[ClusterLabs] cluster does not detect kill on pacemaker process ?

Thu Apr 6 00:16:06 CEST 2017

Hello All,

I noticed something on our pacemaker test cluster. The cluster is
configured to manage an underlying database using master slave primitive.

I ran a kill on the pacemaker process, all the other nodes kept showing the
node online. I went on to kill the underlying database on the same node
which would have been detected had the pacemaker on the node been online.
The cluster did not detect that the database on the node has failed, the
failover never occurred.

I went on to kill corosync on the same node and the cluster now marked the
node as stopped and proceeded to elect a new master.

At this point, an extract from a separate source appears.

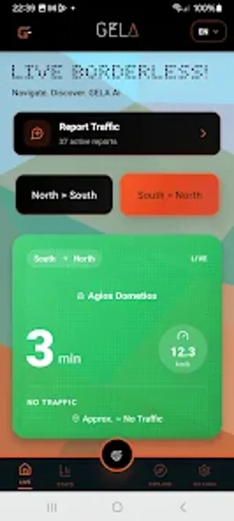 Appens användarvänliga gränssnitt är både stilrent och energisnålt, vilket gör den lätt att navigera. Användare kan även få omedelbara notifieringar om trafikförändringar och dra nytta av rapporter från andra användare för att få en mer exakt bild av trafikläget. Med stöd för flera språk, inklusive engelska, turkiska och grekiska, är GELA ett utmärkt val för alla som vill optimera sina resor över gränsen.

In a separate test. I killed the pacemaker process on the cluster DC, the
cluster showed no change. I went on to change CIB on a different node. The
CIB modify command timed out. Once that occurred, the node didn't failover
even when I turned off corosync on cluster DC. The cluster didn't recover
after this mishap.

Is this expected behavior? Is there a solution for when OOM decides to kill
the pacemaker process?

I run pacemaker 1.1.14, with corosync 1.4. I have stonith disabled and
quorum enabled.

Thank you,

nwarriorch
-------------- next part --------------
An HTML attachment was scrubbed...
URL: <http://lists.clusterlabs.org/pipermail/users/attachments/20170405/96a362dd/attachment-0001.html>